■ Data shown
----

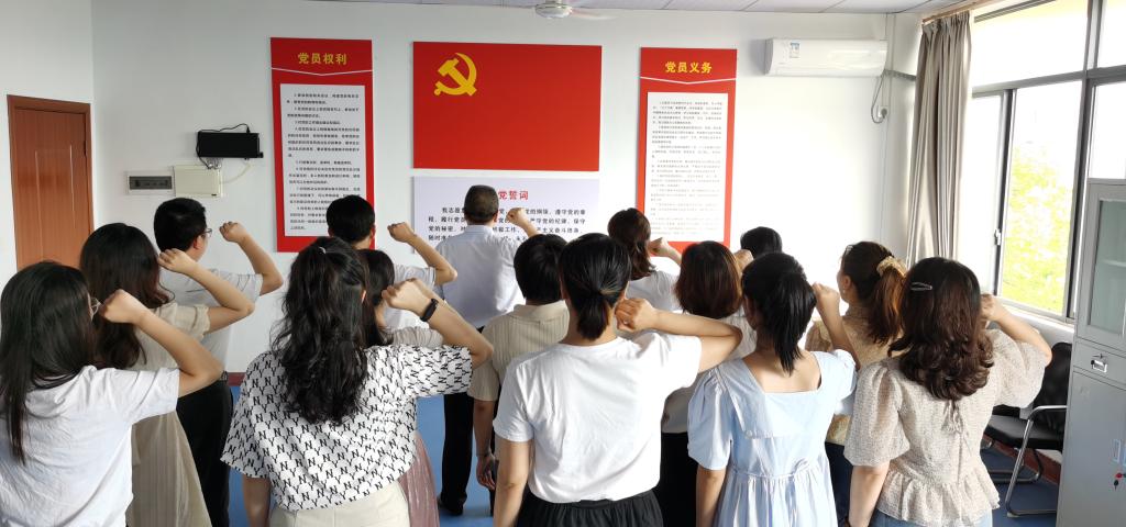 同日,该院学生党支部在黄金校区党员活动室举行了新党员入党宣誓仪式。支部书记对在中国共产党成立100周年之际光荣入党的新党员同志表示热烈祝贺,预备党员代表胡伊婷在表态发言中表示要恪守在党旗下的诺言,不负时代,不负韶华,用奋斗书写最美的青春。
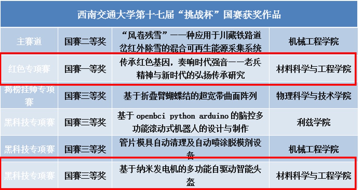 2022年4月12日,由共青团中央、中国科协、教育部、中国社科院、全国学联和四川省人民政府主办的第十七届“挑战杯”全国大学生课外学术科技作品竞赛圆满闭幕。西南交通大学在本届“挑战杯”竞赛的主赛道及三个专项赛事中均有获国赛奖项,其中两项为大发体育
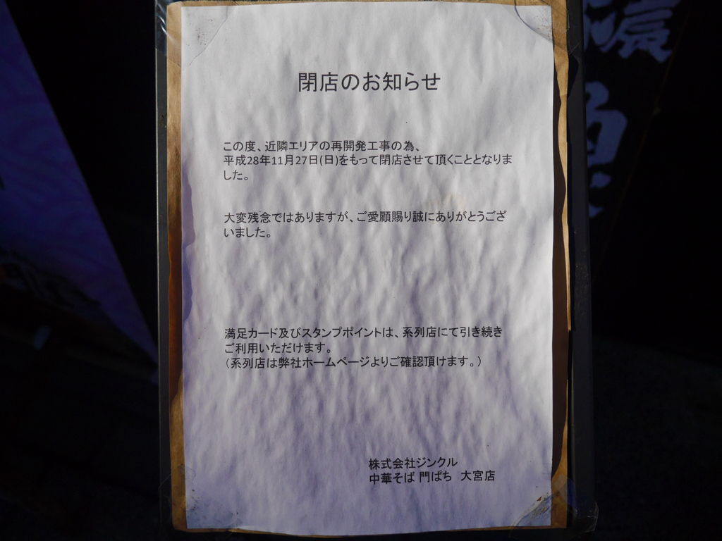 大宮駅東口のラーメン屋門ぱちが再開発のため2016年11/27に惜しまれつつ閉店します

----

■ Prompt
When you retype the listing, keep every line exactly as it is and drop the pictures.

■ Reply
 同日,该院学生党支部在黄金校区党员活动室举行了新党员入党宣誓仪式。支部书记对在中国共产党成立100周年之际光荣入党的新党员同志表示热烈祝贺,预备党员代表胡伊婷在表态发言中表示要恪守在党旗下的诺言,不负时代,不负韶华,用奋斗书写最美的青春。
 2022年4月12日,由共青团中央、中国科协、教育部、中国社科院、全国学联和四川省人民政府主办的第十七届“挑战杯”全国大学生课外学术科技作品竞赛圆满闭幕。西南交通大学在本届“挑战杯”竞赛的主赛道及三个专项赛事中均有获国赛奖项,其中两项为大发体育
 大宮駅東口のラーメン屋門ぱちが再開発のため2016年11/27に惜しまれつつ閉店します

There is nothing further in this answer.